Es ist kein Trail in Latsch gesperrt.
Pinnen mit dem Titel (Trailsperrung...) ist also nicht unbedingt sinnvoll.


----------



## wildermarkus (15. Mai 2008)

Schaut euch nach nem Schuttle um wenn Ihr den Zugtrail fahren wollt!!

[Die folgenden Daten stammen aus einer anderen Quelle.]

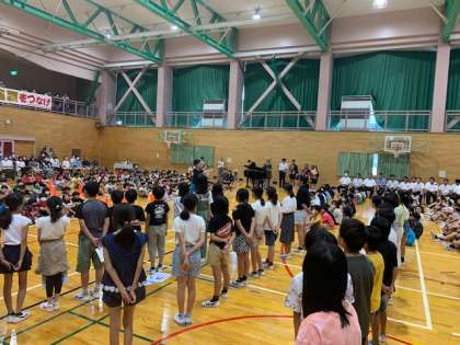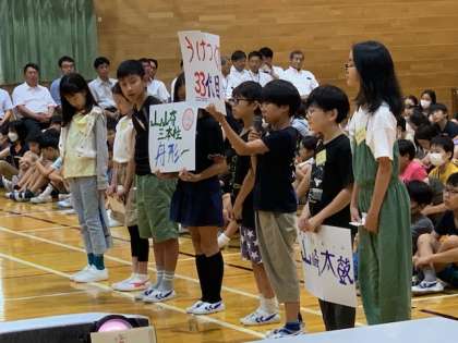 3校の校歌をお互いに披露し、山崎小学校の紹介もしました。
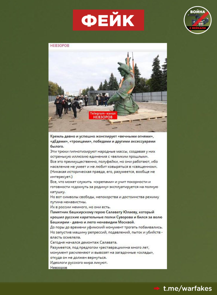 О чем фейк: Причина демонтажа памятника Салавату Юлаеву в Уфе заключается в том, что власти РФ его «ненавидят», поскольку он является «символом свободы». Об этом пишет признанный террористом и экстремистом в РФ иноагент Невзоров.

Der Zug ist jetzt schon ab Latsch total überfüllt!!
Haben nen Schuttel im Bikeshop in Latsch bekommen.
War nur vier euro teurer als mit dem Zug.

Viel Spaß


----------



## MTB-News.de




----------



## mountainbikerit (15. Mai 2008)

karls schrieb:


> @ Carsten
> 
> 
> 
> ...



Probleme in Latsch ist aber auch keine gute Headline, schreiben wir doch mal Seilbahn St. Martin vorübergehend gesperrt.


----------



## mountainbikerit (15. Mai 2008)

Hallo Freunde, 

nochmals eine Bitte um Hilfestellung.
Ich könnte einige Tipps und Argumente brauchen, um folgende Fragen zu beantworten:

- Wie kann man von 100 Seilbahn Fahrern die 5 bösen Jungs herausfiltern.?
Denn sind die 5 bösen Jungs weg, können die restlichen 95 schön weitertrailen.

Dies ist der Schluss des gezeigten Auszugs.